Production of Hepatitis B Vaccine| Its Process with Diagram

Hepatitis is a viral disease that causes acute and chronic liver infections.

It is one of the deadly virus infections which affects almost 7 million people a year.

This severe and contagious disorder can be prevented by the use of hepatitis-B vaccination.

The hepatitis B vaccine was produced previously by the use of the live hepatitis virus.

This version of the vaccine was a live vaccine as it had viral particles which are devoid of virulence.

The virulence is removed by attenuation so that they are no longer pathogenic. So, when introduced into the body, the body’s immune system develops antibodies to combat them.

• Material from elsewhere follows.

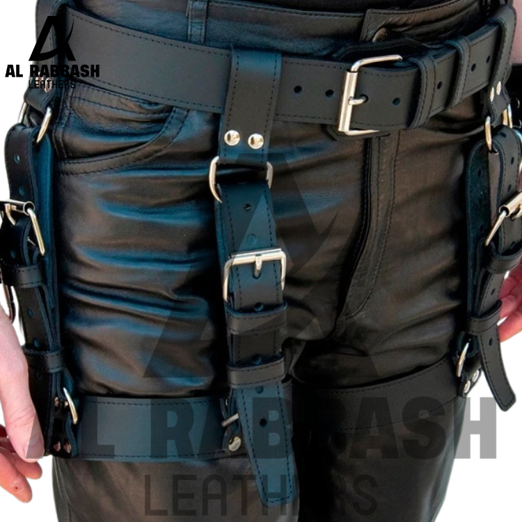Handmade from premium genuine leather, this waist and thigh harness features an adjustable fit that contours naturally to the body. Reinforced stitching and solid metal hardware provide strength and reliability, while the locking cuffs add a distinctive, refined finish. The smooth leather texture and structured design reflect skilled artisan work and timeless leather artistry.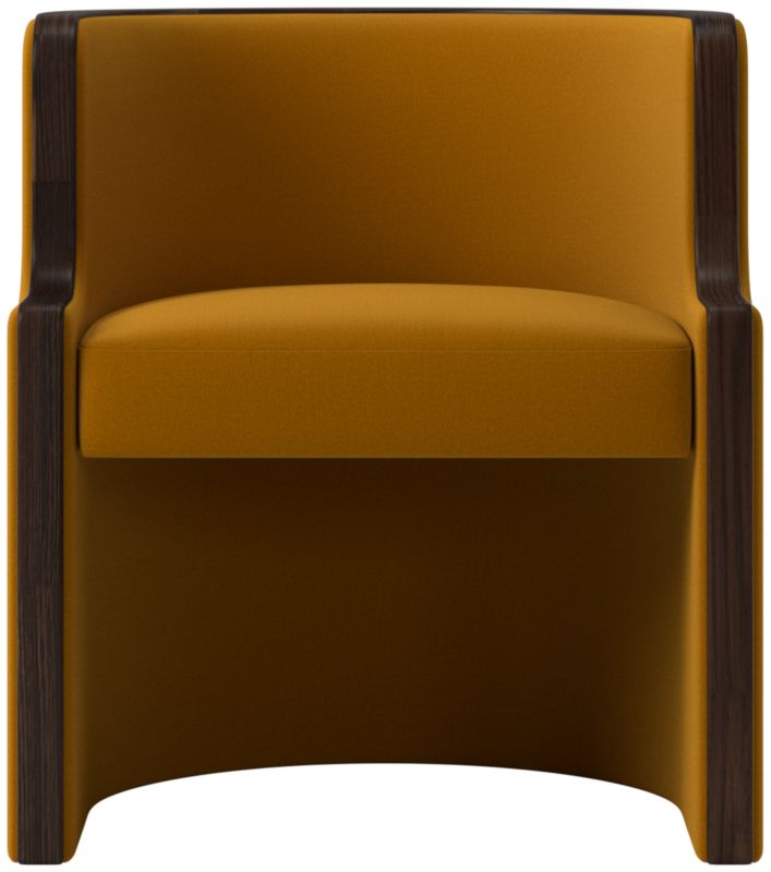 Classic-meets-contemporary barrel chair by Brett Beldock is wrapped in fabric and outlined by a thick band of solid American red oak certified sustainable by the Forest Stewardship Council ®. Makes a bold statement as an end chair or can be used as a side chair. CB2 exclusive.

Thus the immunity to new infection develops.

But these vaccines are unsafe and non-reliable due to problems of emergence of virulence in immune-compromised patients.

Also, there is a trend of decline in the immunity of humans.

So once administered, the vaccines can turn virulent and cause infection.

To avoid this and provide effective prevention, hepatitis-B subunit vaccines are used.

These vaccines are manufactured using genetic engineering technology.

The subunits vaccines are the antigens of the virus and can evoke an immune reaction.

Further, these subunits are not the virus as a whole, so no chances of virulence.

But the subunits are hard to collect and even multiply as they are not organisms. Further, their size is also very small.

So the steps in the production of the hepatitis B vaccine are quite lengthier than the routine steps of the five steps of genetic engineering.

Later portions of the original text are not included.